- Simplified Chinese: 北满特殊钢有限责任公司
- Traditional Chinese: 北滿特殊鋼有限責任公司
- Literal meaning: North Manchuria Special Steel Limited Liability Company

Standard Mandarin
- Hanyu Pinyin: Běi mǎn tèshū gāng yǒuxiàn zérèn gōngsī

= Beiman Special Steel =

Chinese state-owned steel maker

Dongbei Special Steel Group Beiman Special Steel Co., Ltd. is a state-owned steel maker based in Qiqihar, Heilongjiang Province. Bei-man was the acronym of North Manchuria. The company is a subsidiary of Dongbei Special Steel (literally East-Northern Special Steel).

==History==
The steel refinery was founded in 1952 in Fularji District, Qiqihar. The refinery was the only special steel maker in the First Five-year plan of China (1953–1957), with the aid of Soviet Union. The refinery was completed in 1957. It was one of the 512 important state-owned enterprises in 1997. (1 of 47 iron and steel industry)

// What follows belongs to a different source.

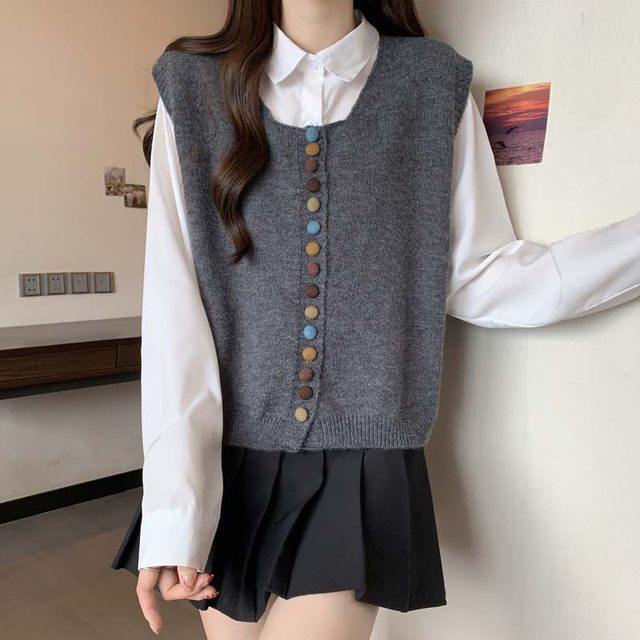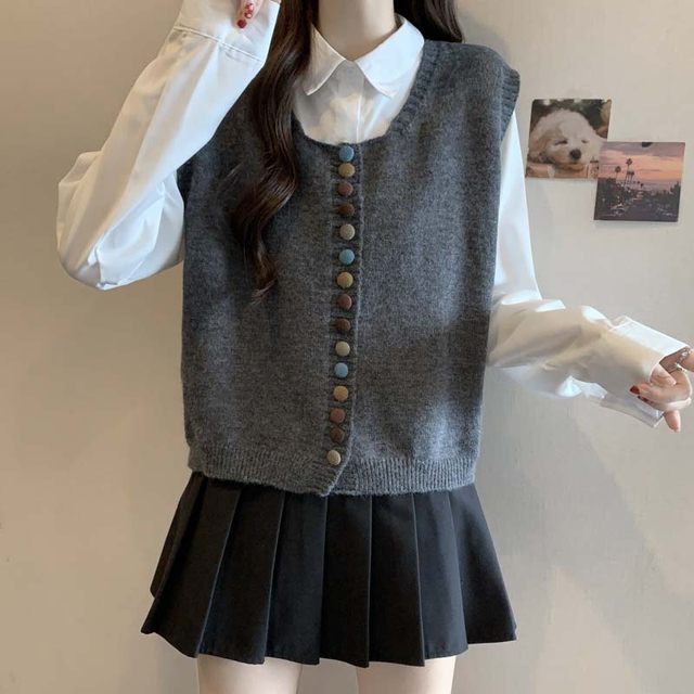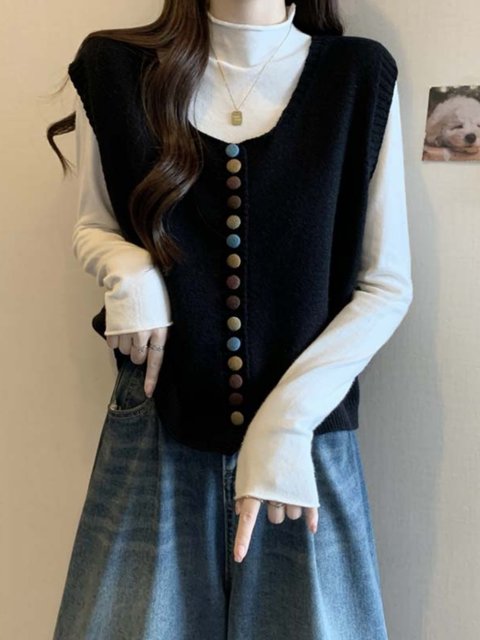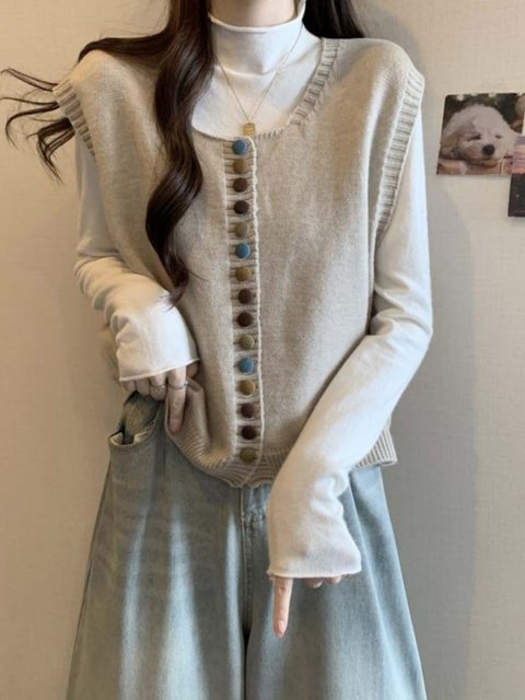 울100% 루즈핏 콩단추 조끼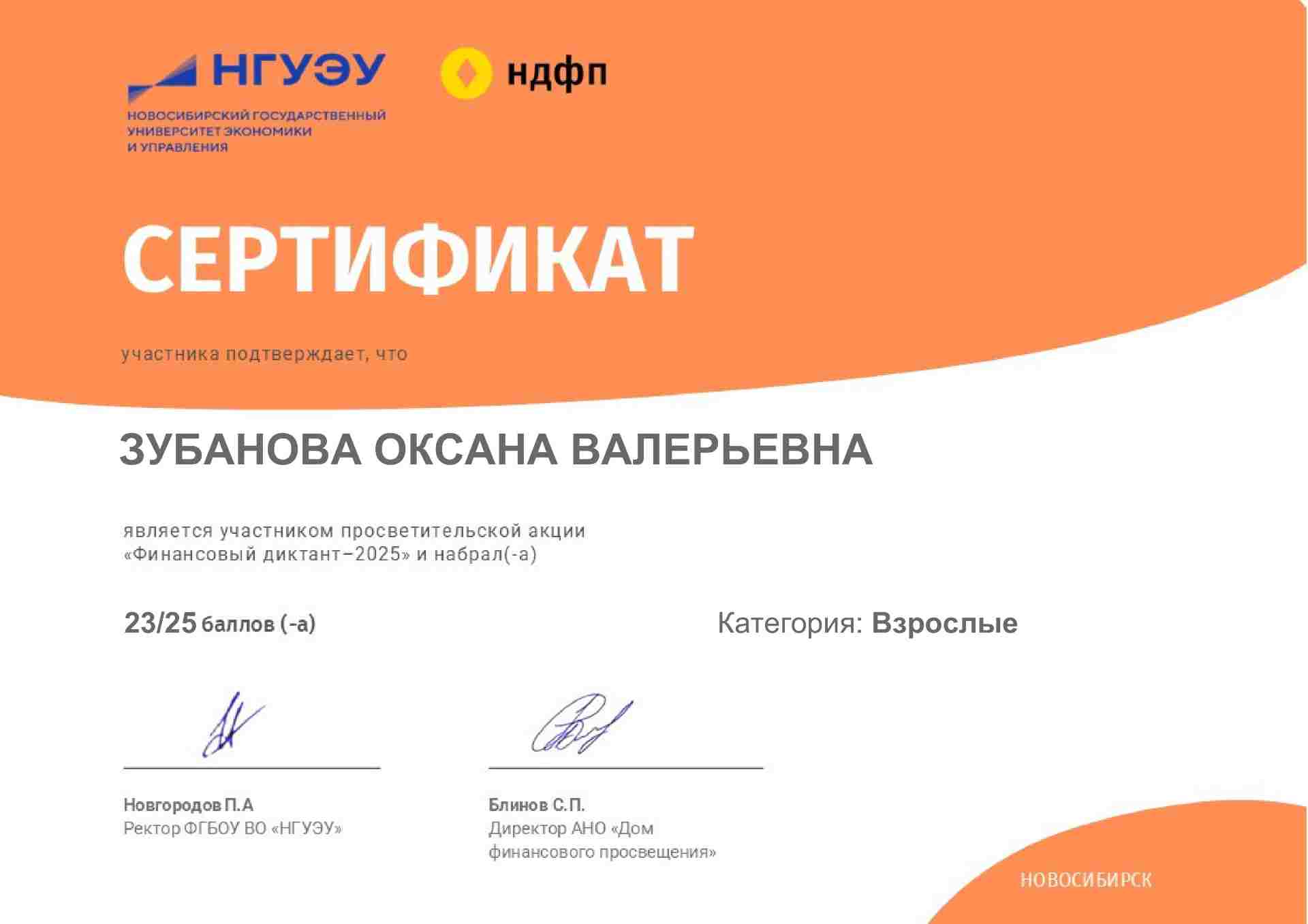 Сертификат участника просветительской акции "Финансовый диктант - 2025"

In 1993, the steel refinery was incorporated as a subsidiary of Beiman Special Steel Co., Ltd. and listed in Shanghai Stock Exchange (as ), which Bei Steel Group Co., Ltd. () was the major shareholder for a 64.32% stake. In 2001, the assets of the refinery were sold back to the parent company, while the listed company was sold to another state-owned enterprise and renamed to Longjian Road and Bridge, as a reverse IPO. Bei Steel Group Co., Ltd. was also renamed to Beiman Special Steel Group Co., Ltd.. ().

In 2004, the State-owned Assets Supervision and Administration Commission (SASAC) of the Provincial Government of Heilongjiang, the parent entity of Beiman Special Steel, injected the steel refinery into Dongbei Special Steel, a holding company of the Liaoning Government, as share capital. The holding company became the parent company of three steel refineries in Qiqihar, Dalian, and Fushun.

As of 31 December 2014, the parent company owned a 58.63% stake in Dongbei Special Steel Group Beiman Special Steel Co., Ltd.. Heilongjiang SASAC retained the rest.